5 Instagram Feeds Beautifully Capture Everyday Life Around the World
Whether it's Gaza in ruins, the black flags of ISIS over Iraqi towns or the severe drought in California, we're inundated with images showing the absolute worst or best of different places around the world. But there's a quiet movement gaining plenty momentum and thousands of followers on Instagram, all by simply avoiding the types of images you'd usually find on most newspapers' front pages.
Cue the Everyday feeds, a collection of professional and amateur photographers documenting daily lives around the world through Instagram.
"There is a gap that needs to be filled in conventional media coverage," documentary photographer Peter DiCampo, cofounder of the first Everyday feed, Everyday Africa, told Mic. DiCampo and writer Austin Merrill were on assignment in Sierra Leone in March 2012 when they first discussed the idea.
"The extremes are covered, and we don't realize that every day, life takes place," DiCampo said. Instagram, rather than Facebook or other platform, was a perfect medium for the evolving project.
"As more and more people became involved, the importance of Instagram's stream morphed and we began shooting a little differently," said DiCampo. Everyday photographers post in real time (wireless access permitting), and there's also the occasional #latergram.
These five Everyday accounts are a refreshing break from the extremes of daily news coverage.
When DiCampo and Merrill created the Everyday Africa feed, they never anticipated that it would catch on. Their format has inspired more Everyday glimpses into places such as Asia, Latin America, the U.S., Egypt and Jamaica, all created by users around the world.
For Everyday USA, select documentary photographers spotlight under-reported issues and places around the country.

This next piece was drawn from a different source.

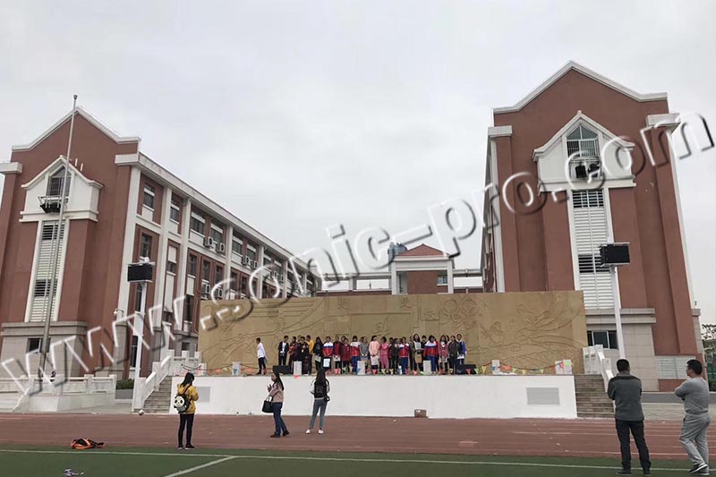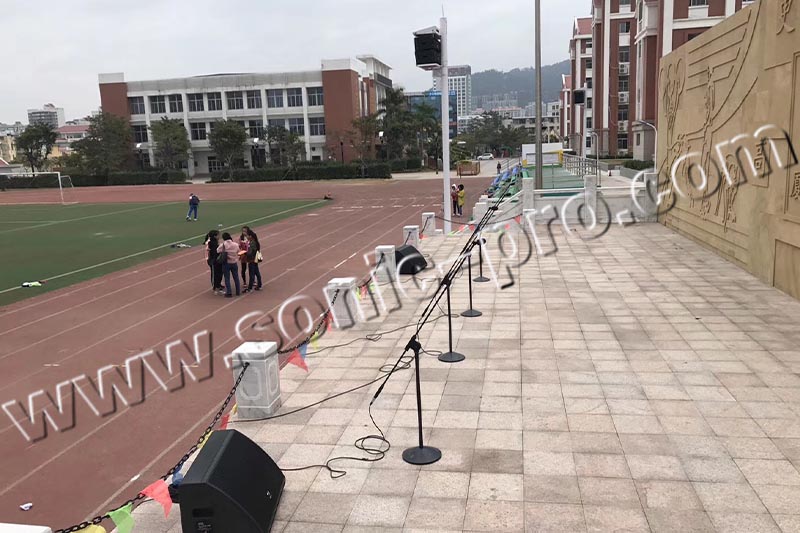 此次项目是该学校的户外操场,为保障整个操场的开会时和活动演出等扩声系统,提高学校的办学质量,学校主要采用了德国Sonic pro音响 LA系列线性音箱及MF系列专业舞台返听音箱等主要扩声设备以满足日常的扩声使用。

Jon Lowenstein documents daily lives surrounded by gun violence in Chicago, while Matt Black gives a viewer an intimate tour in California's drought-stricken Central Valley.
"We had an idea in mind that if you show daily life in all of its forms, you begin to transcend the stereotypical imagery of a continent or each country," DiCampo said.
There's the subway commute in India to which every person in a major metropolitan area with public transportation could give a sympathetic sigh:
In Iran, girls play hopscotch in their schoolyard, while in Ghana, young fishermen use their boat paddles as goal posts for a game of soccer.
The Everyday movement has taken a tip from emerging hyper-topical websites, such as Syria Deeply or Ebola Deeply, with its sharp focus on complex issues. It's also quietly democratizing our experience of consuming and making photographs, which is something everyone can get behind.